(PROVIDED RECORDS)
***

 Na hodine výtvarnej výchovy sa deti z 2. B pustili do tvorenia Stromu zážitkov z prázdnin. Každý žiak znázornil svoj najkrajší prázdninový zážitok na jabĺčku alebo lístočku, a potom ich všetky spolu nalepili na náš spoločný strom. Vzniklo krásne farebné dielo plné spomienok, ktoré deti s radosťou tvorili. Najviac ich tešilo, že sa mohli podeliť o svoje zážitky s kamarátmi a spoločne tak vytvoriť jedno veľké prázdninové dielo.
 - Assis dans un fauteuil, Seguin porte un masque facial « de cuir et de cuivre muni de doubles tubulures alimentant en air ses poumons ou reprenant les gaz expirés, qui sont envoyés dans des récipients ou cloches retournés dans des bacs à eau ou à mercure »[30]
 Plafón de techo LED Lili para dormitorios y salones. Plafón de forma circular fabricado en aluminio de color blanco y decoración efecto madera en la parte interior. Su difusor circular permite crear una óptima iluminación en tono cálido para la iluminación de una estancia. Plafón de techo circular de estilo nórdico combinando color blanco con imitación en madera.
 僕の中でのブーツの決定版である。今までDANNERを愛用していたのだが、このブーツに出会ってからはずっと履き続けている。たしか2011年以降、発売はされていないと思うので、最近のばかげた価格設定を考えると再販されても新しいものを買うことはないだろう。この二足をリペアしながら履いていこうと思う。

***

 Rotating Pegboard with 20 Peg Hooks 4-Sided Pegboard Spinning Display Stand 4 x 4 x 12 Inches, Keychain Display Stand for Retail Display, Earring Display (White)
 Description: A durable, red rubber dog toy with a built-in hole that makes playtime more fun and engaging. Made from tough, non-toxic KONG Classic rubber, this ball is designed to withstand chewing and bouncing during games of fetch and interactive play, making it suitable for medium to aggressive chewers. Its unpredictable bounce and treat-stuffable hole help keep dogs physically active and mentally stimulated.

***

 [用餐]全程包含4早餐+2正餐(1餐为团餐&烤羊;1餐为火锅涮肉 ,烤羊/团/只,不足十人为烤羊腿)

***

(INSTRUCTIONS TO FOLLOW) Beginning with the line containing "Rotating Pegboard with" and ending with the line containing "Description: A durable, red", extract those lines exactly from the listing above, and only those.

(REPLY)
 Rotating Pegboard with 20 Peg Hooks 4-Sided Pegboard Spinning Display Stand 4 x 4 x 12 Inches, Keychain Display Stand for Retail Display, Earring Display (White)
 Description: A durable, red rubber dog toy with a built-in hole that makes playtime more fun and engaging. Made from tough, non-toxic KONG Classic rubber, this ball is designed to withstand chewing and bouncing during games of fetch and interactive play, making it suitable for medium to aggressive chewers. Its unpredictable bounce and treat-stuffable hole help keep dogs physically active and mentally stimulated.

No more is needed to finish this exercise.